The independent body tasked with overseeing environmental flows to rivers affected by the Snowy Hydro scheme faces the axe this week, to be replaced by a panel handpicked by NSW Minister for Primary Industries Katrina Hodgkinson.

The bill to scrap the Snowy Scientific Committee is expected to be passed in the state’s upper house as soon as Tuesday, with Ms Hodgkinson confident the O’Farrell government has enough votes to override Labor and the Greens opposition.

Happy returns: Acacia Rose of the activist group the Snowy Rover Alliance at the Jindabyne dam at the time of a scheduled release to the Snowy River.

Happy returns: Acacia Rose of the activist group the Snowy Rover Alliance at the Jindabyne dam at the time of a scheduled release to the Snowy River.Credit: Andrew Meares

The committee, which ended its first three-year term in 2011 and had been waiting for its re-appointment ever since, “was never properly resourced” and its members lacked the broader community reach that a new 13-member advisory group will bring, Ms Hodgkinson said.

“One of its key weaknesses was that it was firmly independent of government, which didn’t fit in with other water advisory committees,” Ms Hodgkinson said.

Scientists, including former members of the six-member scientific committee, said the separation from powerful interests such as the giant Snowy Hydro Ltd gave the panel a critical watchdog role that is likely to be lost.
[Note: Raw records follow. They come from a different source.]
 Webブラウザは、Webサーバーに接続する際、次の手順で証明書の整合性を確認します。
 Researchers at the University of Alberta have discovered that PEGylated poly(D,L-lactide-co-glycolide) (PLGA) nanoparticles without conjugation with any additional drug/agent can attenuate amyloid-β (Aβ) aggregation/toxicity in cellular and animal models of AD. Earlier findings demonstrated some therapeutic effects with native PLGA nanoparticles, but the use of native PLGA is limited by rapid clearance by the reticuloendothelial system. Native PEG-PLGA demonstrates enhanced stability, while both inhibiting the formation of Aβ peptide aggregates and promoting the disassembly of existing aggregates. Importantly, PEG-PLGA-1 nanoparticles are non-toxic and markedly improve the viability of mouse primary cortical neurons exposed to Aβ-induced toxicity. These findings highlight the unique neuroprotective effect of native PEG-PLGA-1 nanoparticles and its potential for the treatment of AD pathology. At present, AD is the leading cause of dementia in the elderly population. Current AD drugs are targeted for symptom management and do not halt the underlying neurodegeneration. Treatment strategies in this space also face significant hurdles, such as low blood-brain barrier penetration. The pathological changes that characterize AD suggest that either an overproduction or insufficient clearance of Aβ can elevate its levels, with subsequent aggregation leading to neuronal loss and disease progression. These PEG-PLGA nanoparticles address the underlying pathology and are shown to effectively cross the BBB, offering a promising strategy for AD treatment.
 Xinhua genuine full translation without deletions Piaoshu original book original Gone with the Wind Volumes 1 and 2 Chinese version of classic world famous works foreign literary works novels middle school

Irrigators, Snowy Hydro and government officials from NSW and Victoria are likely to hold sway, they say.

Independence is “the way scientists give you the best advice”, said Sam Lake, an aquatic expert from Monash University, who served on the committee. “To get the answer you want, go to a consultant but don’t go to an independent panel.”
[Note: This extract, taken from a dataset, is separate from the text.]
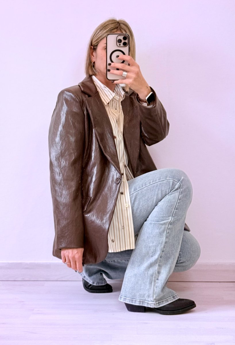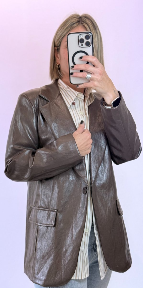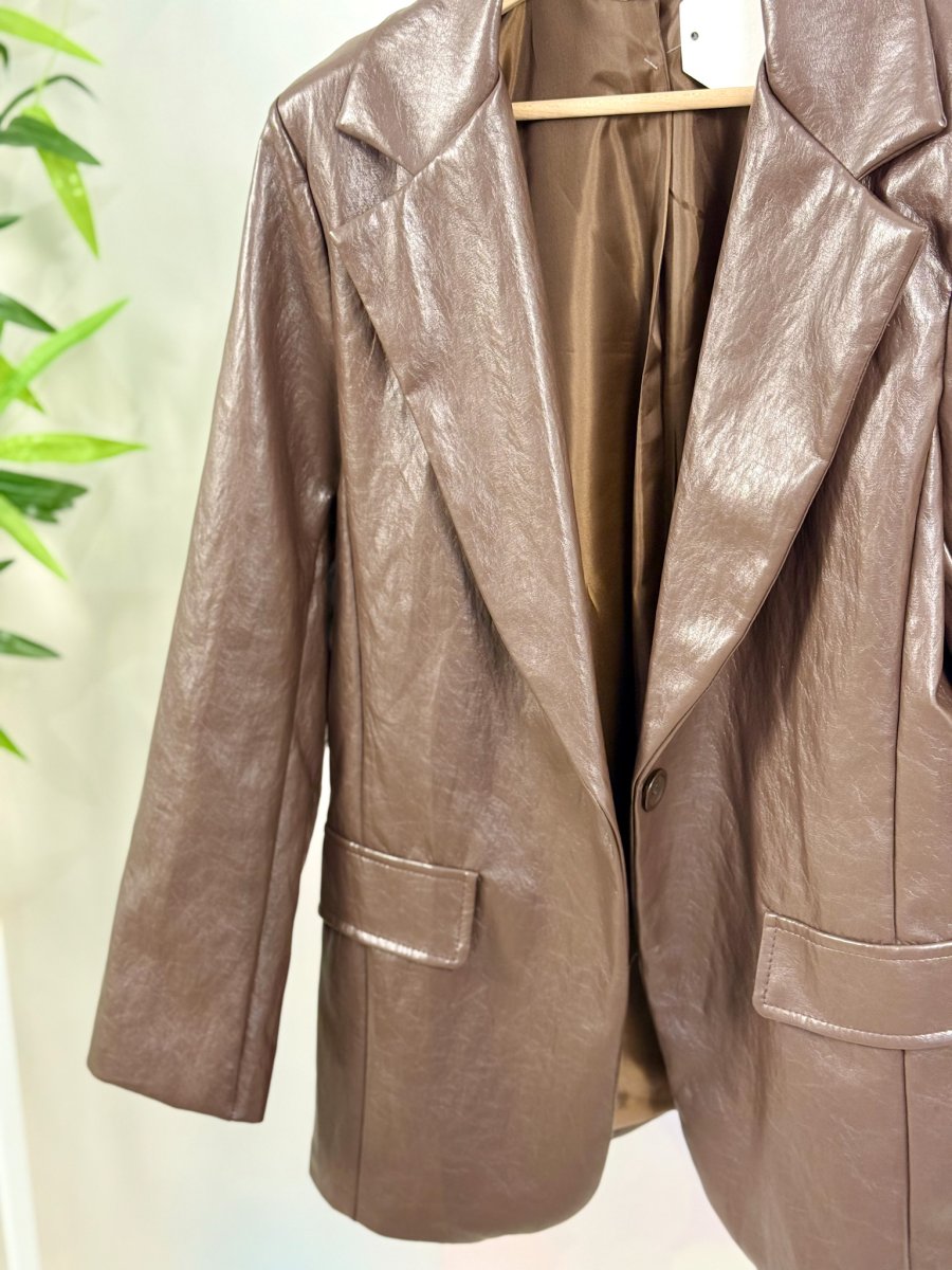 Blazer in Simil-Pelle con Bottone Singolo Color Testa di Moro – Eleganza e Modernità per Ogni Occasione

Completed in 1967, the Snowy Hydro scheme diverted 99 per cent of the headwaters of the Snowy River and also captured flows of other rivers such as the upper Murrumbidgee.

The federal, NSW and Victorian governments agreed in 2002 to return as much as 21 per cent of the average annual natural flows to the Snowy below the Jindabyne dam – with a longer term goal of 28 per cent - to restore its health. The pact set up the Snowy Scientific Committee to oversee the flows.

Acacia Rose, a member of activist group, the Snowy River Alliance, said the hydro scheme ‘‘had cut the Snowy River off at the knees’’. Without independent scientists, the catchment’s needs would be neglected, she said.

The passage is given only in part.